You cannot imagine my feeling when Lucy mentioned that this is also the name for the investigative consulting company that she has now gone to work for in New York. When I was so upset last night, it was not simply over the subpoena delivered to my house. What happened was the following: I got thesubpoena. I called Lucy because I thought she should know what was happening to you. She said her "new boss " (Teun McGovern) was in town and mentioned The Last Precinct. I was shocked. I still am shocked and do not understand what all this means. Does Lucy perhaps know about Benton 's file?
Again, can this be coincidence, Kay? Did she just happen to think up the same name that Benton called his secret file? Can all these connections be coincidences? Now there is something called The Last Precinct and it is located in New York and Lucy is moving to New York, the trial of Chandonne has moved to New York because he killed in New York two years ago while Carrie Grethen was still incarcerated in New York, and Carrie's former murderous partner Temple Gault was killed (by you) in New York, and Marino began his police career in New York. And Rocky lives in New York.
Let me close by telling you I feel so badly over any hand I might have in making your current situation worse, although you can be sure I intend to say nothing that can be twisted. Never. I am too old for this. Tomorrow, on Christmas Day, I will leave for my house in Hilton Head, where I will stay until it is all right to return to Richmond. I do this for several reasons. I do not intend to make it easy for Buford or anyone else to get to me. Most important, you need some place to stay.
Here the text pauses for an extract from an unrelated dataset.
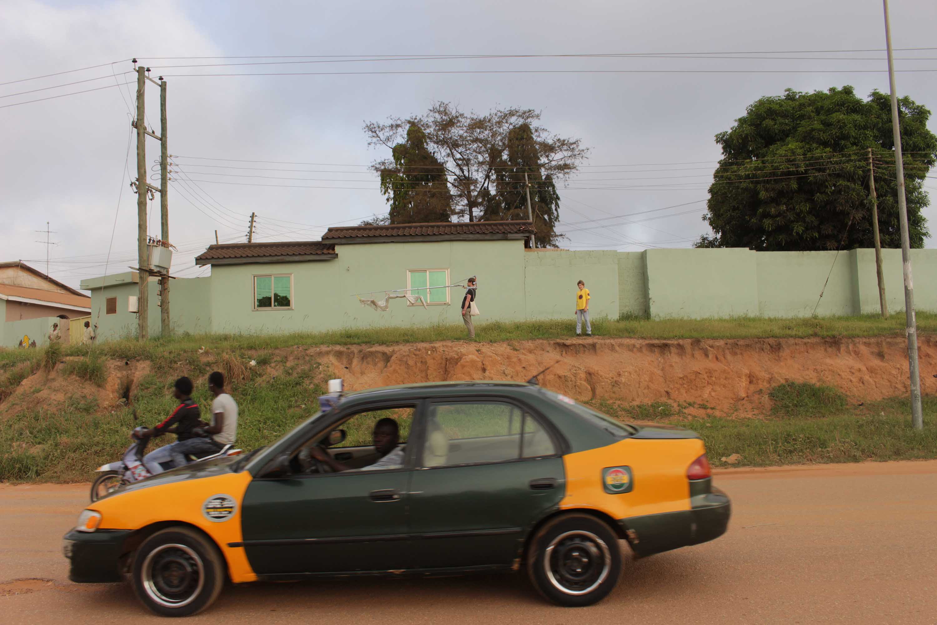 I carry with me a specially designed sculptural work throughout my entire journey in Ghana. I spontaneity use it at any time and any place that I see fit while traveling. It accompanies me in this continually shifting and foreign surrounding, like a talisman offering safety and stability. Should I decide to use it, I attach everyday objects to the mounted pole of the structure. Walking and carrying it becomes a sculptural act, which relates to the cultural idiosyncrasies of transportation. However the oddity of the performance disturbs this thus turning it into its determining theme.

Do not go back to your house, Kay.
Your devoted friend, Anna
I read and reread. I feel sick as I imagine Anna growing up in the poisonous air of Mauthausen and knowing what went on there. I feel the deepest sorrow that all her life she has listened to references to Jews and bad jokes about Jews and learned more of the atrocities committed against Jews, all the while knowing she is a Jew. No matter how she rationalizes it, what her father did was cowardly and wrong. I suspect he also knew Anna was being raped by the SS commander he wined and dined, and Anna's father did nothing about that, either. Not one thing.
I realize it is now almost five o'clock in the morning. My eyelids are heavy, my nerves buzzing. There is no point in trying to sleep. I get up and go into the kitchen to make coffee. For a while I sit before the dark window looking out toward a river I can't see and contemplate everything Anna has revealed to me. So much about Benton's last years now makes sense. I think of days when he claimed to have a tension headache, and I thought he looked hung over and now I suspect he probably was. He was increasingly depressed and distant and frustrated. In a way, I understand his not telling me about the letters, the phone calls, the Tlip file, as he referred to it. But I don't agree with him. He should have told me.